The Honorable R.T. Rybak, the Mayor of Minneapolis, has been appointed to serve a four-year term on the DMC board. As Mayor, Mr. Rybak has led a multi-pronged approach to adding jobs and growing the City’s economy through helping small businesses succeed, fostering innovation, increasing regional cooperation, and training displaced workers in fast-growing sectors. Under his leadership, Minneapolis has topped many national lists of the best cities in which to live, work, visit, and do business. Mayor Rybak understands how to create successful partnerships between the public and private sectors.

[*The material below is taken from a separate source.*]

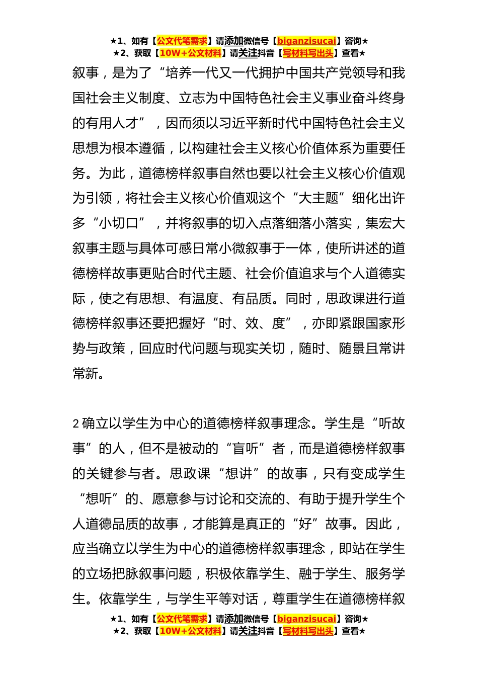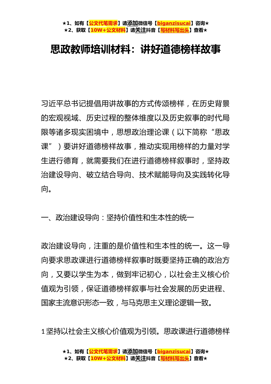 ★1、如有【公文代笔需求】请添加微信号【biganzisucai】咨询★★2、获取【10W+公文材料】请关注抖音【写材料写出头】查看★思政教师培训材料:讲好道德榜样故事习近平总书记提倡用讲故事的方式传颂榜样,在历史背景的宏观视域、历史过程的整体维度以及历史叙事的时代局限等诸多现实困境中,思想政治理论课(以下简称“思政课”)要讲好道德榜样故事,推动实现用榜样的力量对学生进行德育,就需要我们在进行道德榜样叙事时,坚持政治建设导向、破立结合导向、技术赋能导向及实践转化导向。一、政治建设导向:坚持价值性和生本性的统一政治建设导向,注重的是价值性和生本性的统一。这一导向要求思政课进行道德榜样叙事时既要坚持正确的政治方向,又要以学生为本,做到牢记初心,以社会主义核心价值观为引领,保证...

About Destination Medical Center 

The 20-year Destination Medical Center (DMC) public-private partnership is aimed at securing Minnesota’s competitive position as an international hub for health care and medical advancement, and making the Rochester region an economic center for job growth and business development. The state’s $455 million investment in the project over the next two decades will leverage an estimated $5.6 billion in local and private investment, and create tens of thousands of new jobs.

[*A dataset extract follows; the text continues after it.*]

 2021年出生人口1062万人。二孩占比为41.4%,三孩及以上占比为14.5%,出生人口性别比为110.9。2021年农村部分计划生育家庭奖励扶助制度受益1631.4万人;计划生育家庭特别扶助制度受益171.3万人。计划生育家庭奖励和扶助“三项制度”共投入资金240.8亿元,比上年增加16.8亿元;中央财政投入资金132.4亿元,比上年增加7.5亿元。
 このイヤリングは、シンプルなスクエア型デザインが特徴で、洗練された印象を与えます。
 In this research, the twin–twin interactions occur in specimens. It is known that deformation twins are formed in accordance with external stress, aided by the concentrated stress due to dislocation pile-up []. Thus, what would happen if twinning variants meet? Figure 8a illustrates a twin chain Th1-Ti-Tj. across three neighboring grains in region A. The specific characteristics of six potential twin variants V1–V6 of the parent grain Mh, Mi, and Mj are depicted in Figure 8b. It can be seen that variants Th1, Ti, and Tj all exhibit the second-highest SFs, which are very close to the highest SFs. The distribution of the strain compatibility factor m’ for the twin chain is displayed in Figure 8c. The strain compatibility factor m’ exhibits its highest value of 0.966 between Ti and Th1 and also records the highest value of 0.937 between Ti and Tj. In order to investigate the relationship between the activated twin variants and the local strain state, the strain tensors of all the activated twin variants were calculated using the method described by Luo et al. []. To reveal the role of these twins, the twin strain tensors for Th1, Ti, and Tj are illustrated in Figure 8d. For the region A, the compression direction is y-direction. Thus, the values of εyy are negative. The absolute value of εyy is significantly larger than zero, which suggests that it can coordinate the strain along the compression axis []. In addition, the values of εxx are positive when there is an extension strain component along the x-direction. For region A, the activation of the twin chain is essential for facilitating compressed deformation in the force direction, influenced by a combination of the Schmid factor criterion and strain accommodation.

Over the last 150 years, Mayo Clinic has earned an international reputation for excellence in health care and medical advancement, treating more than half a million patients in its Rochester facilities every year. Today, Mayo Clinic is Minnesota’s largest employer, providing good-paying jobs for more than 40,600 Minnesotans, including over 33,000 in Rochester, and generating a $9.6 billion annual economic impact to the State of Minnesota – roughly 4 percent of the state’s total GDP. And each year, Mayo Clinic contributes approximately $1.5 billion in tax revenue to the State of Minnesota and local governments.

With the new DMC initiative, Mayo Clinic is poised to expand dramatically, making targeted investments in the Rochester community that will secure the region’s position as one of the most elite medical destinations in the world. As a result of this initiative, Mayo Clinic will add another 25,000 to 30,000 Minnesota jobs over the next 20 years. Economic development generated by DMC will also result in the creation of thousands of more jobs in the region – including construction jobs.

State funding for DMC will be supplemented by an additional $3.5 billion from Mayo Clinic, $128 million from the City of Rochester and Olmsted County, and an estimated $2 billion from private investors. The initiative will also generate an estimated $3.2 billion in state tax revenue over the next 20 years. In total, the project will leverage an estimated 22 to 1 return on the state’s investment.

State funding for the DMC initiative will be used to fund projects for public infrastructure, including the acquisition of property, demolition or repair of buildings, land remediation, and site improvement. State funds will also be used for the construction of buildings, parks, roads, transit facilities, parking facilities, and other cultural and recreational amenities that will enhance the region’s quality of life and encourage additional growth by making Rochester an even more desirable place to live, work, and raise a family.

These infrastructure improvements are crucial to support and sustain economic growth in the region and Rochester’s downtown center. To date, infrastructure repair and construction have not kept pace with the rapidly growing Mayo Clinic – putting a strain on the city’s resources, and limiting the possibilities for future growth. Right now there is an eight-year waiting list for parking spots at Mayo Clinic; current projections show hospitality businesses in Rochester will need 1,100 more hotel rooms in the coming years just to serve the families, friends, and guests of Mayo Clinic patients.